Records drawn from a dataset

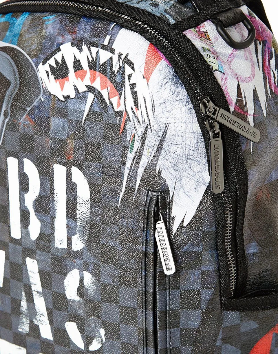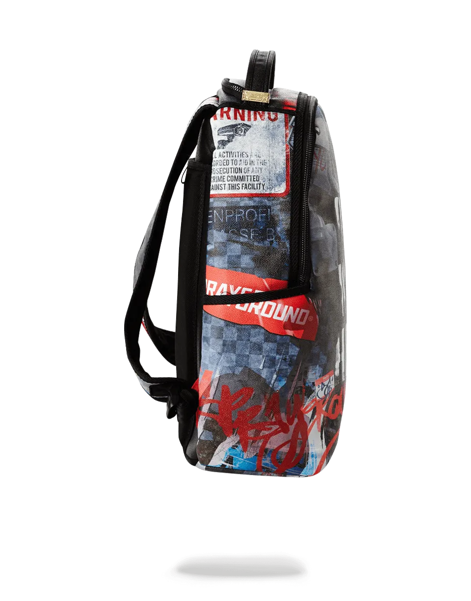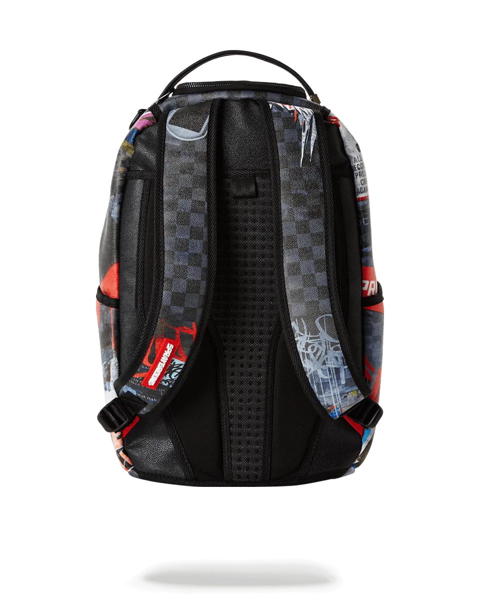 Dimensions: 18″ x 6″ x 11.5″ ?Vegan Leather??Front zipper pocket ? Side pockets ? Zippered Stash pocket ? Ergonomic mesh back padding ? Adjustable Straps for custom sizing ? Nylon Zippers with Metal Hardware ??Rubber?”Sprayground Authentic” badge ? Slide through back sleeve connects to Carry on luggage to free your hands
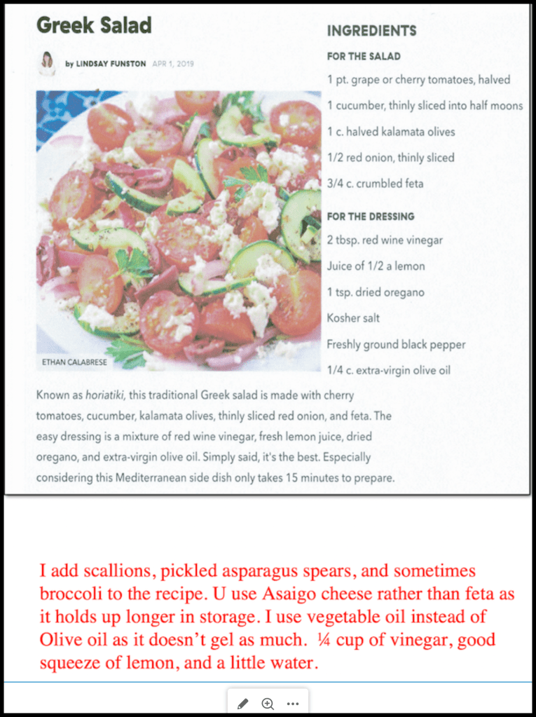 I know this is “Picture Saturday” but I do think this pictures kinda fits here. One thing about RetComLife (Retired Community Life) is that the food just doesn’t have much tang or spice. I miss that! Part of my adjusting here is what am I going to do to keep “spice in my life” figuratively and literally. 😎 I’m trying to figure that out now, but one way is to make a bowl of Greekish Salad every once in a while. So, that’s what I am about to do.
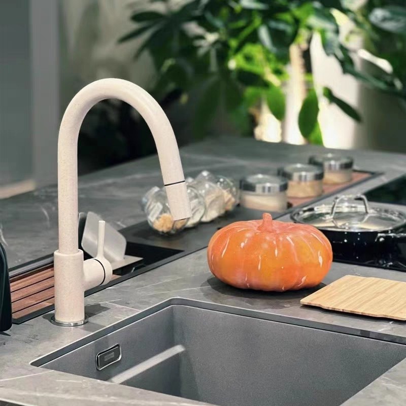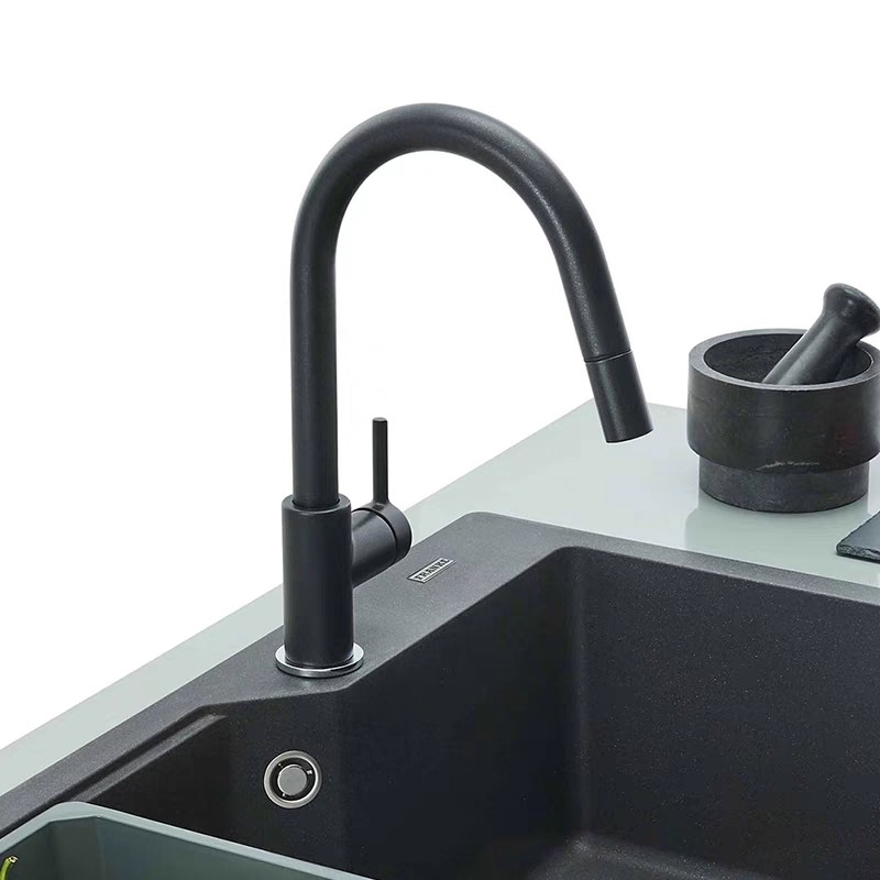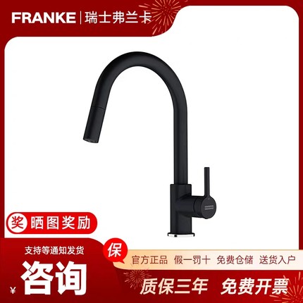 瑞士FRANKE弗兰卡高抛抽拉式龙头单孔单把黑色灰色厨房龙头CT933G
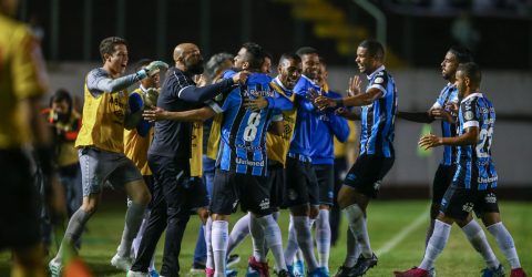A vitória do Grêmio foi obtida graças a gols de Kevin, no primeiro tempo, e de Kauan Kelvin, de cabeça na etapa final
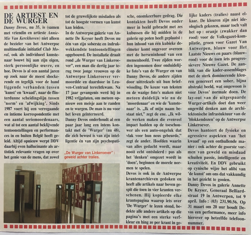 In de Antwerpse galerie van Annette De Keyser heeft Devos nu een van zijn soberste en indrukwekkendste tentoonstellingen opgebouwd. De installatie draait rond ,,de Wurger van Linkeroever", een man die dertig jaar terug twee jonge vrouwen op de Antwerpse Linkeroever vermoordde en daardoor in Leuven-Centraal terechtkwam. Na 17 jaar gevangenis werd hij in 1982 vrijgelaten, om meteen opnieuw een meisje aan te randen en te wurgen. De man is nu voor het leven geïnterneerd.
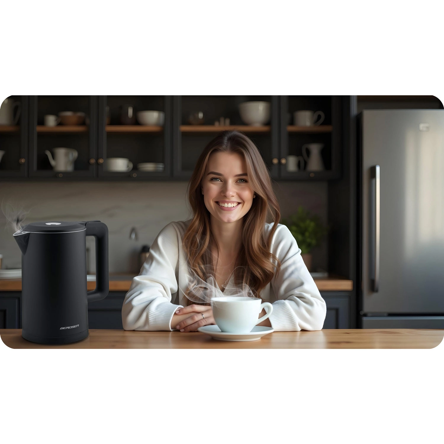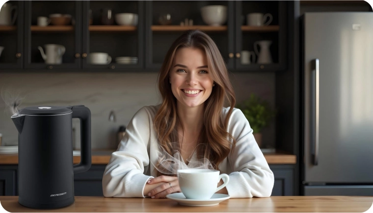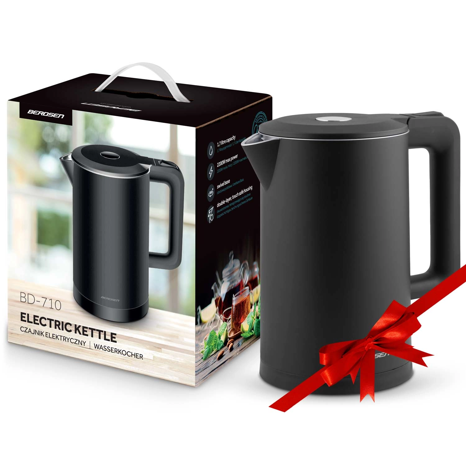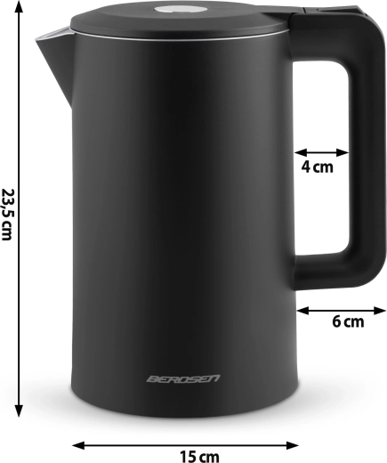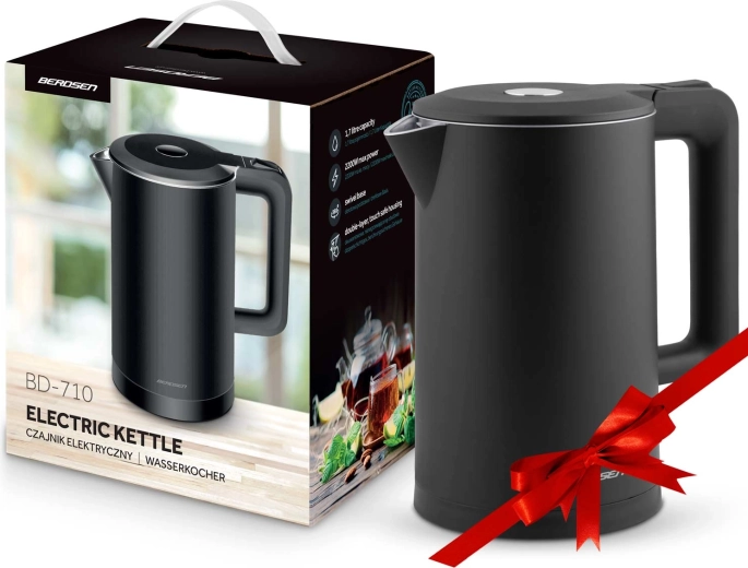 A stílusos BERDSEN elektromos vízforraló 1,7 l űrtartalommal kombinálja a SUS304 rozsdamentes acélt a tiszta vízízhatásért és az izolált CoolTouch felépítést az égési sérülések nélküli biztonságos használatért. 1850–2200 W teljesítményt kínál a gyors forraláshoz, 360 forgatható talpat, világító LED csíkot, valamint átgondolt részleteket, mint a kábelrekesz és a csúszásgátló lábak.

- About this task -
Once the pictures are set aside, reproduce the records in full and exactly.

- Result for this exercise -
 Dimensions: 18″ x 6″ x 11.5″ ?Vegan Leather??Front zipper pocket ? Side pockets ? Zippered Stash pocket ? Ergonomic mesh back padding ? Adjustable Straps for custom sizing ? Nylon Zippers with Metal Hardware ??Rubber?”Sprayground Authentic” badge ? Slide through back sleeve connects to Carry on luggage to free your hands
 I know this is “Picture Saturday” but I do think this pictures kinda fits here. One thing about RetComLife (Retired Community Life) is that the food just doesn’t have much tang or spice. I miss that! Part of my adjusting here is what am I going to do to keep “spice in my life” figuratively and literally. 😎 I’m trying to figure that out now, but one way is to make a bowl of Greekish Salad every once in a while. So, that’s what I am about to do.
 瑞士FRANKE弗兰卡高抛抽拉式龙头单孔单把黑色灰色厨房龙头CT933G
A vitória do Grêmio foi obtida graças a gols de Kevin, no primeiro tempo, e de Kauan Kelvin, de cabeça na etapa final
 In de Antwerpse galerie van Annette De Keyser heeft Devos nu een van zijn soberste en indrukwekkendste tentoonstellingen opgebouwd. De installatie draait rond ,,de Wurger van Linkeroever", een man die dertig jaar terug twee jonge vrouwen op de Antwerpse Linkeroever vermoordde en daardoor in Leuven-Centraal terechtkwam. Na 17 jaar gevangenis werd hij in 1982 vrijgelaten, om meteen opnieuw een meisje aan te randen en te wurgen. De man is nu voor het leven geïnterneerd.
 A stílusos BERDSEN elektromos vízforraló 1,7 l űrtartalommal kombinálja a SUS304 rozsdamentes acélt a tiszta vízízhatásért és az izolált CoolTouch felépítést az égési sérülések nélküli biztonságos használatért. 1850–2200 W teljesítményt kínál a gyors forraláshoz, 360 forgatható talpat, világító LED csíkot, valamint átgondolt részleteket, mint a kábelrekesz és a csúszásgátló lábak.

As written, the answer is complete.